OPENAI_API_KEY = os.getenv("OPENAI_API_KEY")
MONGO_URI = "mongodb://localhost:27017"
client = MongoClient(MONGO_URI)
db = client["graphbit_demo"]

# General CRUD
col = db["general_data"]
col.insert_one({"name": "Alice", "role": "engineer", "age": 30})
print(col.find_one({"name": "Alice"}))
col.update_one({"name": "Alice"}, {"$set": {"age": 31}})
print(col.find_one({"name": "Alice"}))
col.delete_one({"name": "Alice"})

# Vector storage and search
embedding_config = EmbeddingConfig.openai(OPENAI_API_KEY, "text-embedding-3-small")
embedding_client = EmbeddingClient(embedding_config)
text = "This is a sample document for vector search."
embedding = embedding_client.embed(text)
vec_col = db["vector_data"]
vec_col.insert_one({"item_id": "item123", "embedding": embedding})

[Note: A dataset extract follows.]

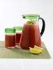 3. Pour watermelon lemonade into glasses. Spoon dollop of frozen kiwifruit on top. Serve immediately.
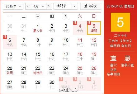2015清明節放假安排

query_embedding = embedding_client.embed("Find documents related to vector search.")
best_doc = max(vec_col.find({}), key=lambda doc: EmbeddingClient.similarity(query_embedding, doc["embedding"]), default=None)
if best_doc:
    print(f"Most similar document: {best_doc['item_id']}")

# Batch insert
batch_texts = [
    "Graph databases are great for relationships.",
    "Vector search enables semantic retrieval.",
    "OpenAI provides powerful embedding models.",
]
batch_embeddings = embedding_client.embed_many(batch_texts)
vec_col.insert_many([
    {"item_id": f"batch_{i}", "embedding": emb, "metadata": {"text": text}}
    for i, (text, emb) in enumerate(zip(batch_texts, batch_embeddings))
])

This connector pattern enables you to use MongoDB as both a general-purpose and vector database in your AI workflows, orchestrated by Graphbit.